Dal 23 al 27 ottobre si è svolta a Torino una nuova edizione del Salone internazionale del Gusto - Terra Madre. Quello che segue è l'intervento di Carlo Petrini.

 

di Carlo Petrini

 

(6 novembre 2014) In tanti anni abbiamo visto cambiare il focus del mondo sull’alimentare italiano che prima era su Cibus, che mostrava la potenza di un’industria alimentare prepotente. Ma che è cambiata, anche grazie a noi, e ora le nostre industrie del cibo possono andare nel mondo senza paura di fare brutte figure sul fronte etico, ne hanno guadagnano di prestigio. Con Slow Food, Salone e Terra Madre è cambiato tutto: basta pensare allo spazio del cibo in tv, al fatto che non c’è Comune che non sia orgoglioso di una cipolla, di un peperoncino, di un prodotto che è simbolo di identità, diventa mito. E non si costruisce nessuna forza senza il mito; e il mito, a volte, è anche un prodotto semplice in cui comunità intere vedono il lavoro dei loro padri, il valore di un territorio, e creano il mito che dà forza all’economia. Ha fatto bene il Salone del Gusto a trasformarsi, dal 1996, in modo internazionale: senza essere sciovinisti, accogliendo e mostrando tutte le comunità del cibo del pianeta abbiamo portato il mondo a Torino.

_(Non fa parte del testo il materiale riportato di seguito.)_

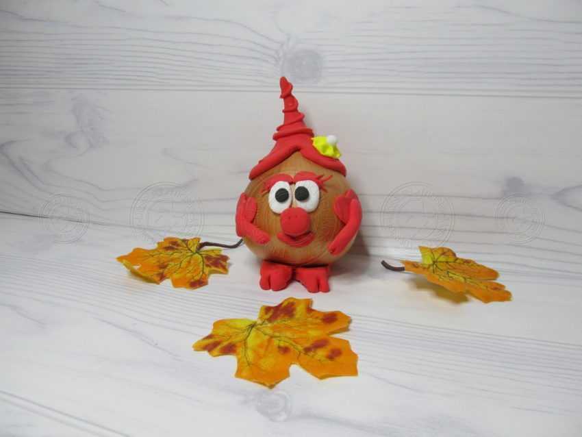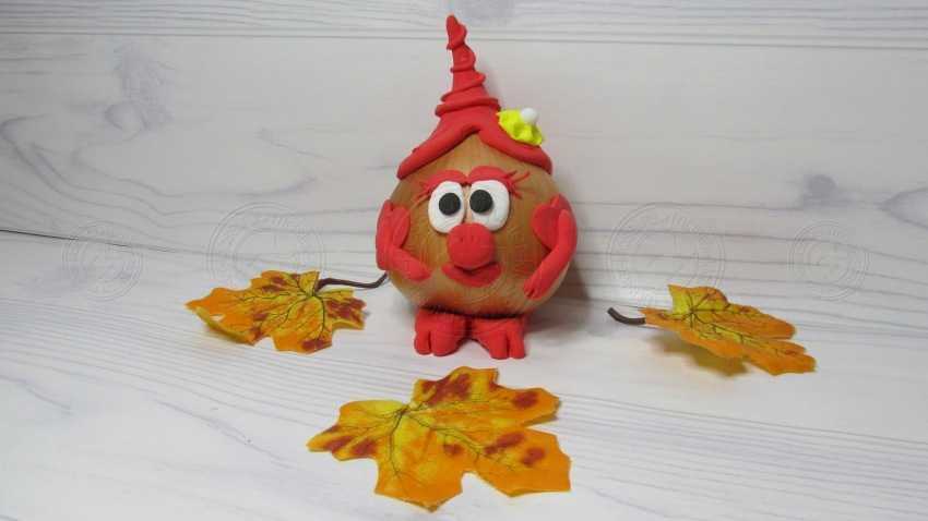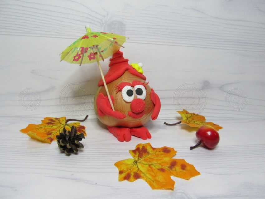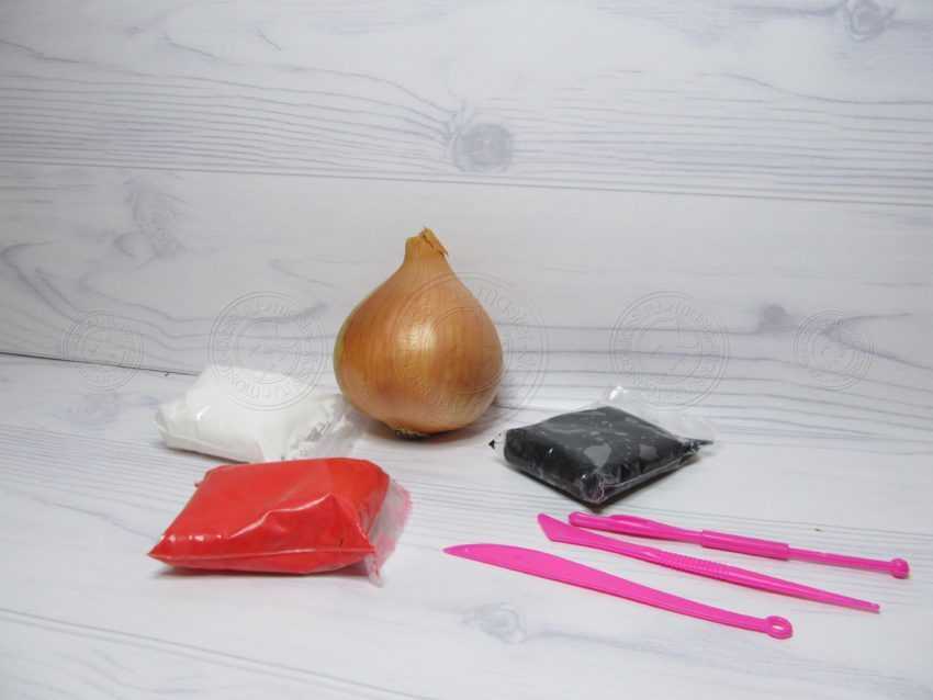 1. Возьмем для данной поделки луковицу, которая есть практически в каждом доме. Ее размер определите самостоятельно. Чем крупнее она будет, тем больше вам понадобится пластилина для ее отделки. Мы взяли овощ среднего размера, что советуем сделать и вам. Потрогайте ее, и определите, нет ли вмятин и мягких сторон. Если они присутствуют, значит луковица уже не свежая и стоит выбрать другую.

E io vorrei che Expo 2015 a Milano fosse un po’ anche questo: se “se la canta e se la suona” sulla potenza dell’Italia, non va bene. Serve più umiltà: l’Italia accolga il mondo, e non per i suoi prodotti, ma per i suoi contenuti, perché o questa Expo, nei pochi mesi che mancano, si costruisce una vera anima che ancora non ha, o altrimenti avremmo sì i capannoni a posto, ma non riusciremo a passare alla storia.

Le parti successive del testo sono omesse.